Это был скорее придуманный красивый лозунг, нежели руководство к действию. Наоборот, я готов был спорить и убеждать, отстаивая свою точку зрения.

Постепенно от сюжетов стал переходить к целым передачам. А программы шли тогда не в записи, а в прямом эфире. Как это было трудно, я понял позднее, когда мы стали передачи записывать. И вот сидит группа сотрудников, тут же – приглашённые участники передачи; смотрим, что получилось, и я, к стыду своему, чувствую, что засыпаю в кресле от усталости.

В то время стал популярным призыв “Экономика должна быть экономной”. Ну, это, конечно, немного звучит странно, хотя для советского времени, может быть, было и нормально, ибо не было ни хозяев, ни богатства, ни собственности у них. Положение довольно иронично отражал слоган: “Всё вокруг колхозное, всё вокруг моё”. Это означало, что ничьё. Отсюда шла бесхозяйственность. И власти озаботились такой “неэкономной экономикой”. Мне приходилось основательно знакомиться с делами того или иного предприятия, которое я собирался показать и какие-то моменты покритиковать, не согласиться с руководством завода или комбината. Помню, не раз удавалось убедить руководителей предприятий в том, что происходящее у них неправильно и его нужно менять. И некоторые мои коллеги удивлялись, как это может быть такое? В прямом эфире директор завода говорит: “Да, Вы правы, вот здесь у нас плохо, и мы это изменим”.

Однажды наше внимание привлекла свалка разных отходов.

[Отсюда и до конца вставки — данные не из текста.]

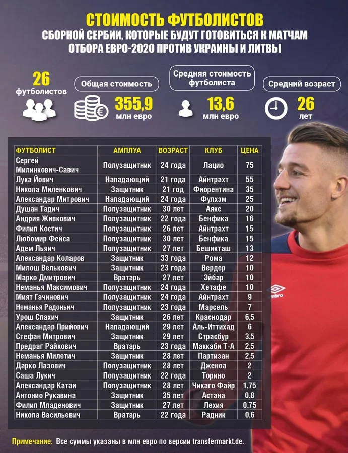 Збірна Сербії має загальну вартість 356 млн євро, повідомляє Команда 1, посилаючись на дані німецького порталу Transfermarkt.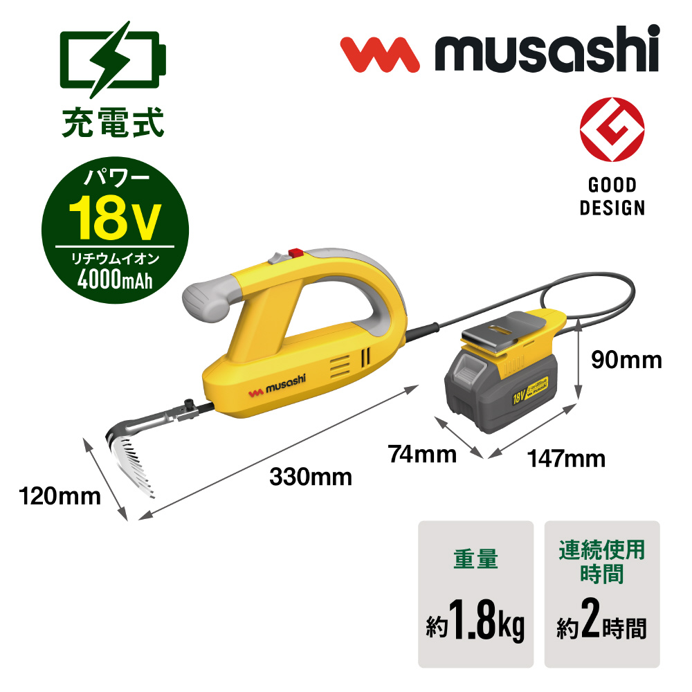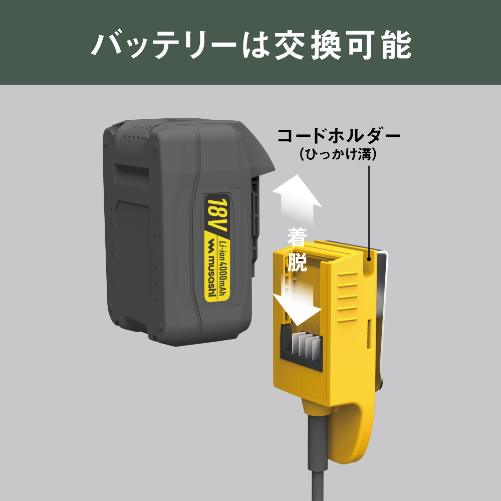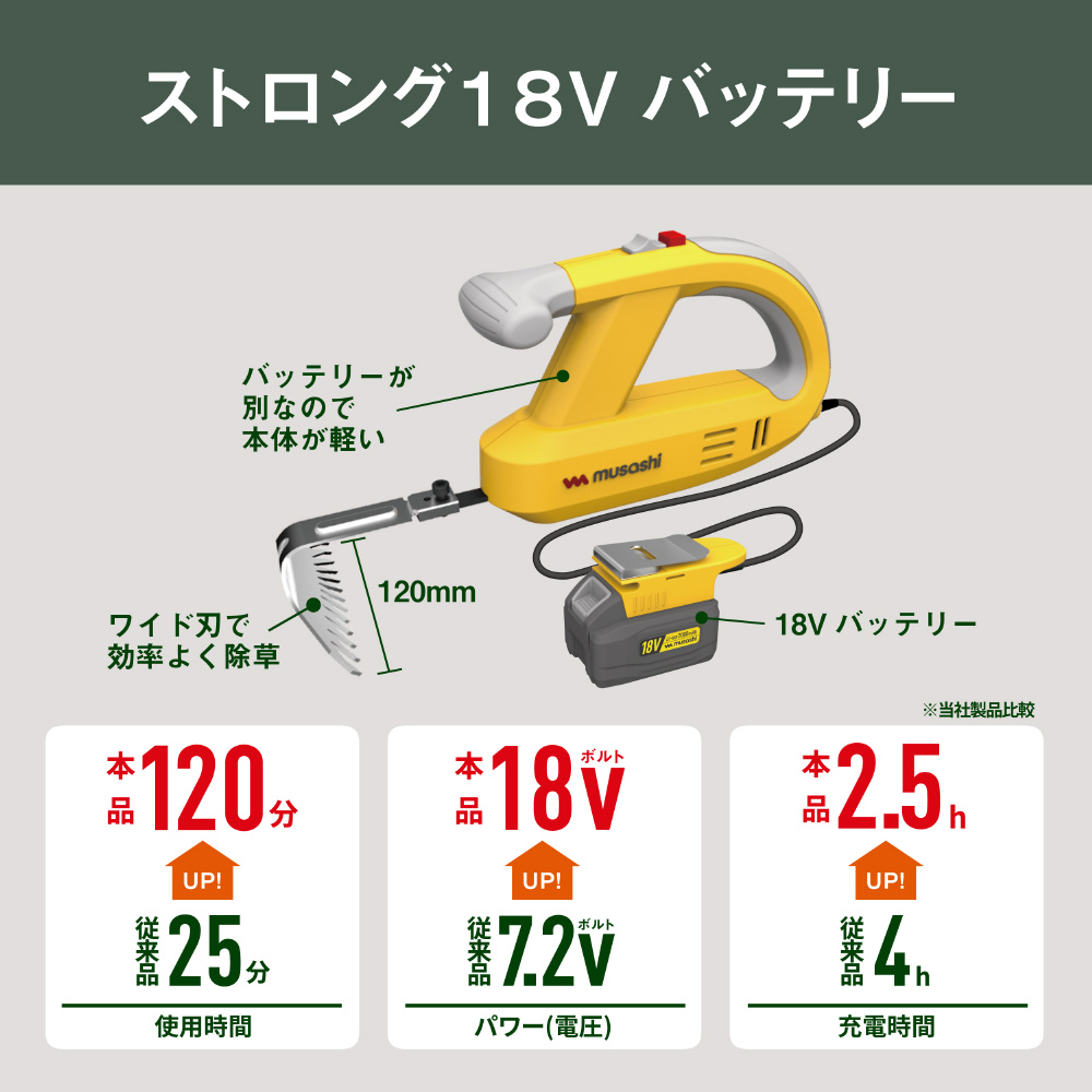 ワイド刃で除草力UP ストロング18Vバッテリー搭載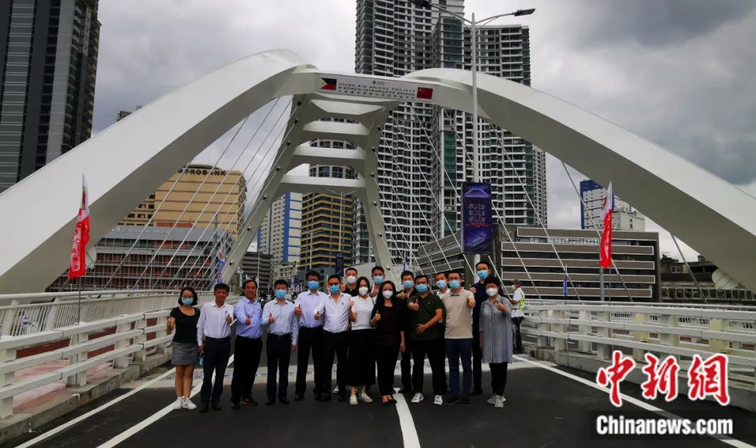 2022年4月6日,中國駐菲使館部分館員和中國駐菲企業(yè)、機(jī)構(gòu)工作人員,登上新落成的中國援建菲律賓馬尼拉B-I大橋合影留念。中國駐菲律賓大使館 供圖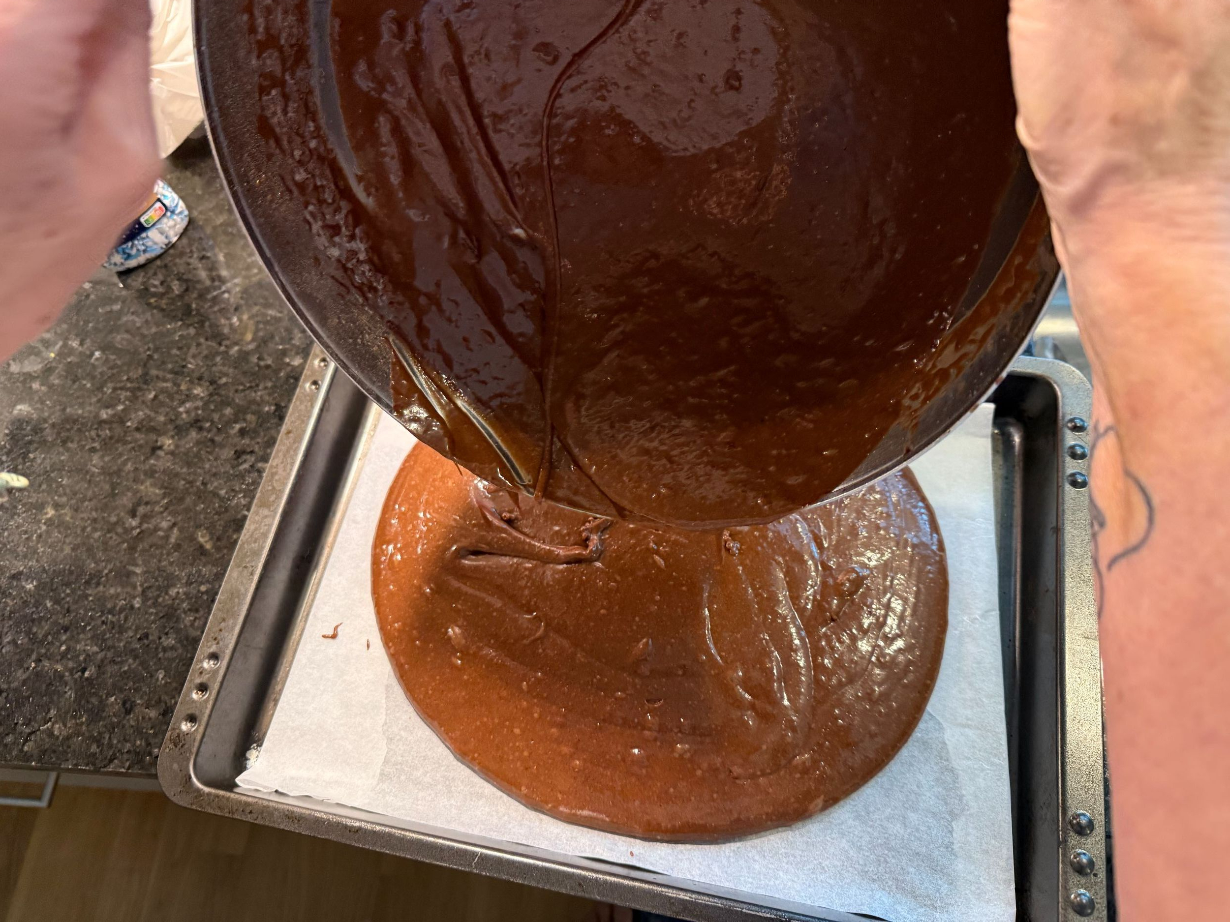 Den Lebkuchen in der Form lassen & Glasur verteilen. Auskühlen lassen.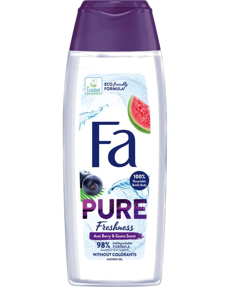 Fa Pure Fresh Shower Gel Acai Berry Guava scent - refreshing and nourishing, for a clean, energetic skin experience bursting with freshness with Fa Pure Fresh Shower Gel Acai Berry Guava Scent. This scathing shower gel is infused with the vibrant scents of acai berry and guava, providing a refreshing and energizing experience every time you shower. The gentle formula cleanses and nourishes the skin, leaving it feeling fresh, soft and beautifully perfumed all day long.Infused with the refreshing scent of acai berry and guava, this shower gel offers a tropical, fruity scent that revitalizes your senses. The gentle formula cleanses and nourishes your skin, leaving it soft, supple and hydrated after each use. Creates a rich cleanser that thoroughly cleanses and provides a refreshing, spa-like shower experience. Perfect for daily use, it keeps your skin fresh, energized and revitalized all day long. Dermatologically tested, this shower gel is suitable for all skin types, ensuring gentle cleansing without irritation.Fa Pure Freshness Shower Gel Acai Berry Guava Scent, Pck of 3, 250 ml Fa Puur frisse douchegel Acai Berry Guava geur - verfrissend en voedend, voor een schone, energieke huidbeleving van een barst van frisheid met Fa Pure Fresh Shower Gel Acai Berry Guava Scent. Deze vernietigende douchegel is geïnfuseerd met de levendige geuren van acai berry en guava, biedt elke keer dat je douchen een verfrissende en energieke ervaring biedt. De zachte formule reinigt en voedt de huid, waardoor het de hele dag fris, zacht en prachtig geparfumeerd voelt.Gedrenkt met de verfrissende geur van acai berry en guava, biedt deze douchegel een tropische, fruitige geur die je zintuigen revitaliseert. De zachte formule reinigt en voedt je huid, laat hem zacht, soepel en gehydrateerd na elk gebruik. Creëert een rijke reiniger die grondig reinigt en biedt een verfrissende, spa-achtige douche-ervaring. Perfect voor dagelijks gebruik, het houdt je huid de hele dag fris, energiek en gerevitaliseerd. Dermatologisch getest, deze douchegel is geschikt voor alle huidtypes, wat zorgt voor een zachte reiniging zonder irritatie.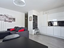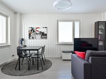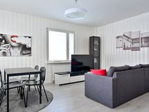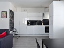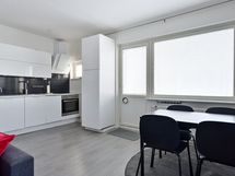 - Keittiön varusteet: Pyykinpesukoneliitäntä, jääkaappipakastin, liesituuletin ja astianpesukone. Liesi: Induktioliesi. Työtason materiaali: Laminaatti.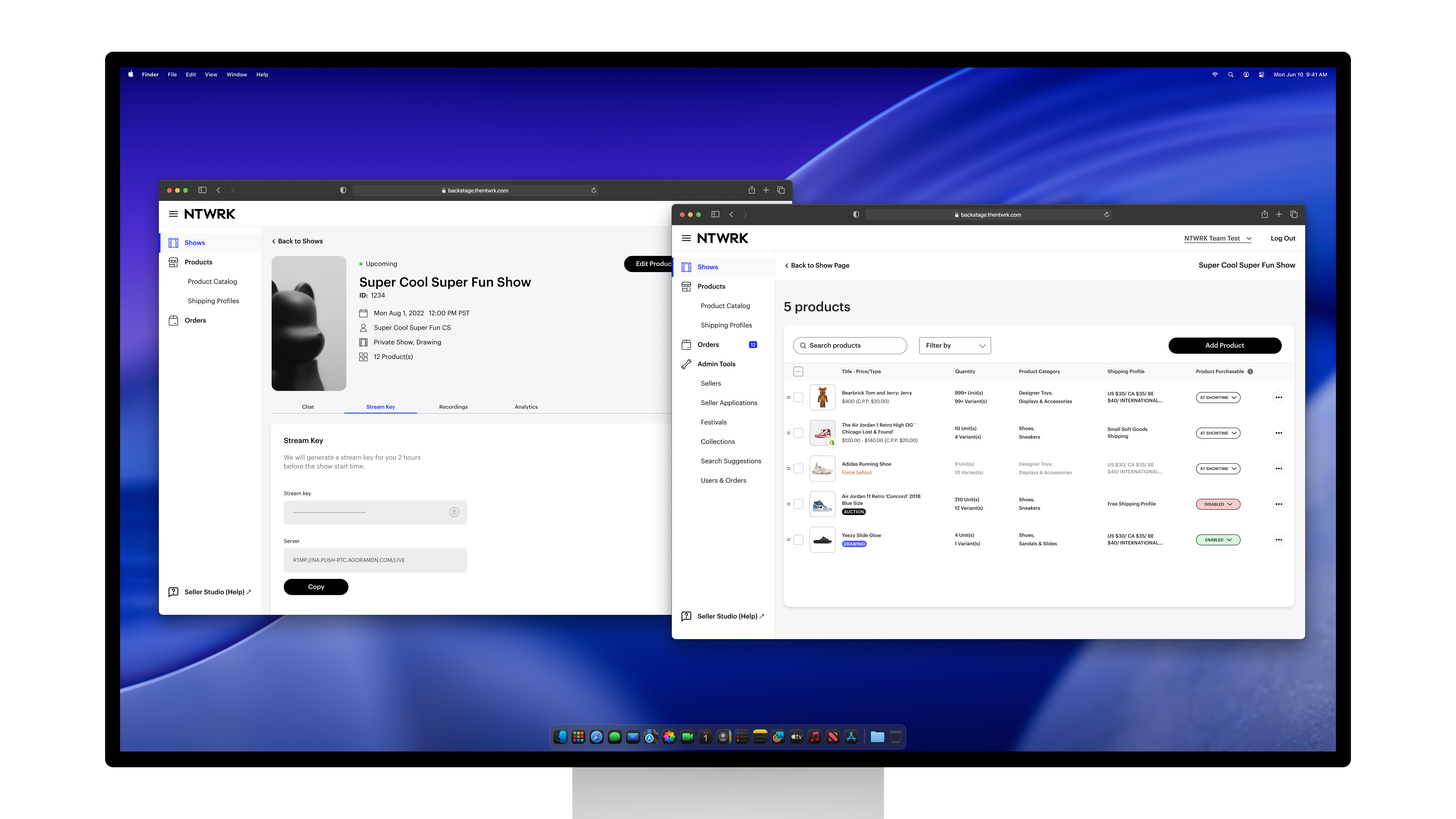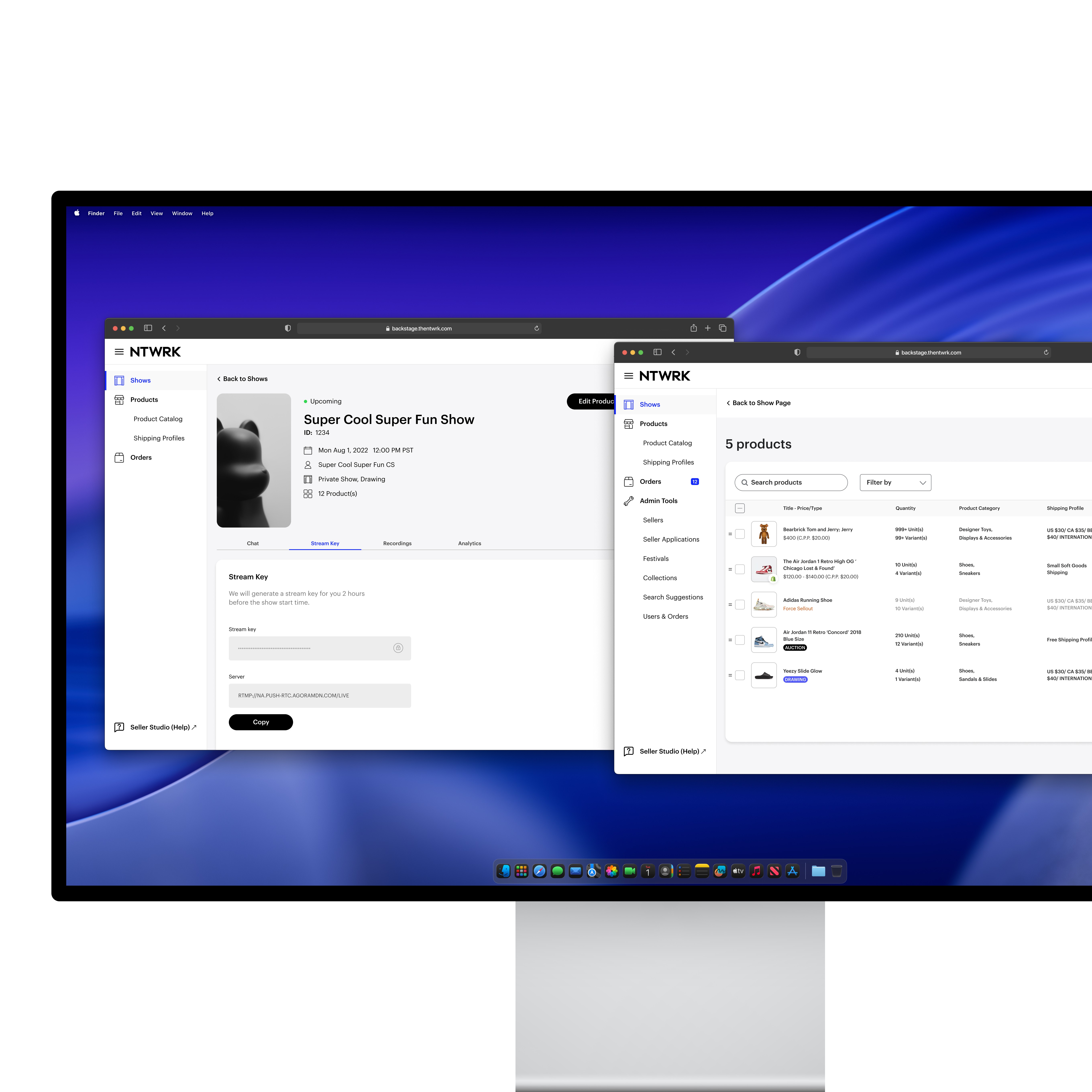 With the objective of expanding NTWRK’s marketplace, the NTWRK Selling Initiative was launched with the goals of platform self-containment and unlocking a new subset of sellers. Prior to this initiative, prospective sellers were required to apply through a third party and already have an existing Shopify store, creating a significant barrier to entry. Additionally, before Seller Dashboard, products could only be sold on NTWRK if they were added to a show, further limiting the marketplace. As a result, Seller Dashboard’s objective became a major undertaking: to improve the entire process of who sells, what is sold, and how products are sold on NTWRK.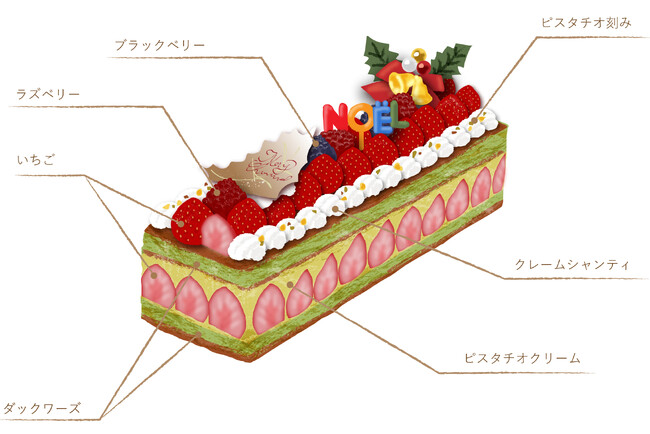 苺の季節を華やかに彩ってきた「フレジェ」をダイナミックなサイズとデコレーションのクリスマスケーキとしてご用意。ローストピスタチオのバタークリームとフレッシュストロベリーをピスタチオと抹茶のダックワーズで挟みます。濃厚に仕上げたピスタチオクリームと贅沢につかった甘酸っぱく瑞々しい苺の相性の良さを存分に楽しむ、クリスマスカラーの色合い華やかな一品です。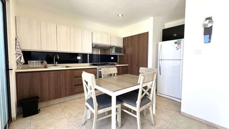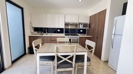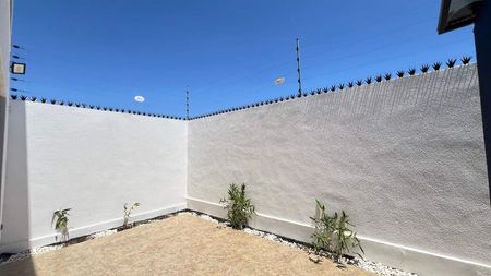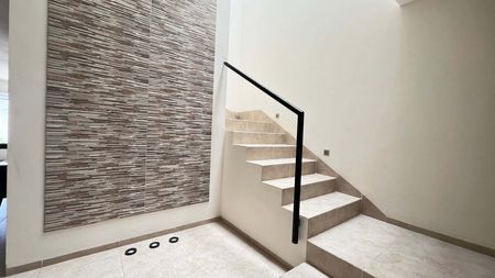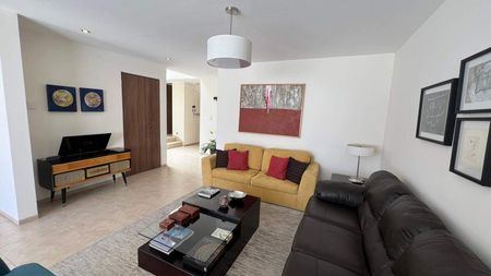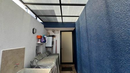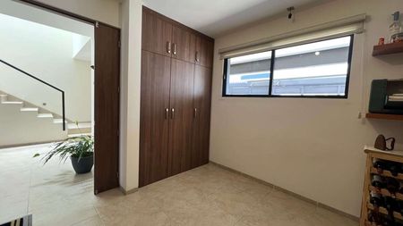 Planta baja: Recibidor en doble altura y estudio y/o recamara con closet, 1 baño completo, sala-comedor amplio, cocina integral con espacios para antecomedor, patio trasero, patio de lavado techado, cochera con portón eléctrico para 2 autos, bodega en cochera y bodega en sala.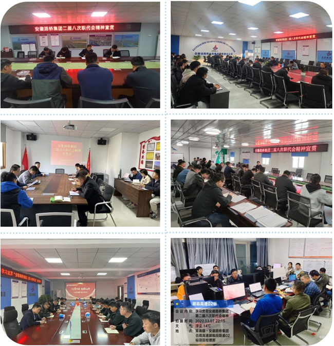 安徽路桥集团二届八次职工代表大会隆重召开后,所属各单位迅速行动,结合自身实际,充分利用各种宣传媒介及时宣传贯彻会议精神,让广大员工全面、准确地了解公司2022年工作思路、奋斗目标及总体工作部署,确保会议精神贯彻到一线、贯彻到每名员工,全力推动职代会精神入脑入心、落地有声。
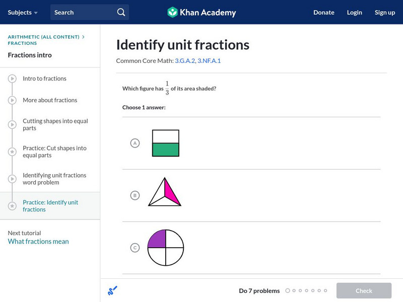 Identify unit fractions when given a visual or a context. Students receive immediate feedback and have the opportunity to try questions repeatedly, watch a video tutorial, receive hints. CCSS.Math.Content.3.G.A.2 Partition shapes into...

Сначала кто– то подсказал, потом пришло письмо о том, что на городскую свалку выбрасывается много добра. Я поехал туда со съёмочной группой. То, что мы увидели, нас поразило. Лежали ящики с шоколадом, даже не распечатанным. Валялись большие коробки с банками краски. Грудилось много других ценных вещей. А в магазинах не всё можно было найти.

Я показал и прокомментировал увиденное в первом репортаже. На следующей неделе мы снова поехали туда, и снова репортаж с этой же свалки.

Надо сказать, передача вызвала большой интерес у зрителей. Местное телевидение вообще в почёте у людей того или иного региона. Знакомые адреса, знакомые заводы, знакомые улицы. Все смотрят этот час. Что такое час? Посидел, посмотрел, что-то узнал интересное. А тут, пожалуйста, такое разгильдяйство, такое разбазаривание, когда в магазинах не всегда купишь ту же краску. Шум поднялся необыкновенный. Как мне потом сказали, передачу, видимо, вторую передачу, потому что она была анонсирована, посмотрел первый секретарь обкома партии Лощенков. И говорят, в гневе воскликнул: “Опять этот Щепоткин! Да ещё с бородой!” Лощенков терпеть не мог бородатых, считал их анархистами, от которых все беды и неприятности. А я к тому времени отпустил бороду, ну, не лопатой, а так, бородёнку.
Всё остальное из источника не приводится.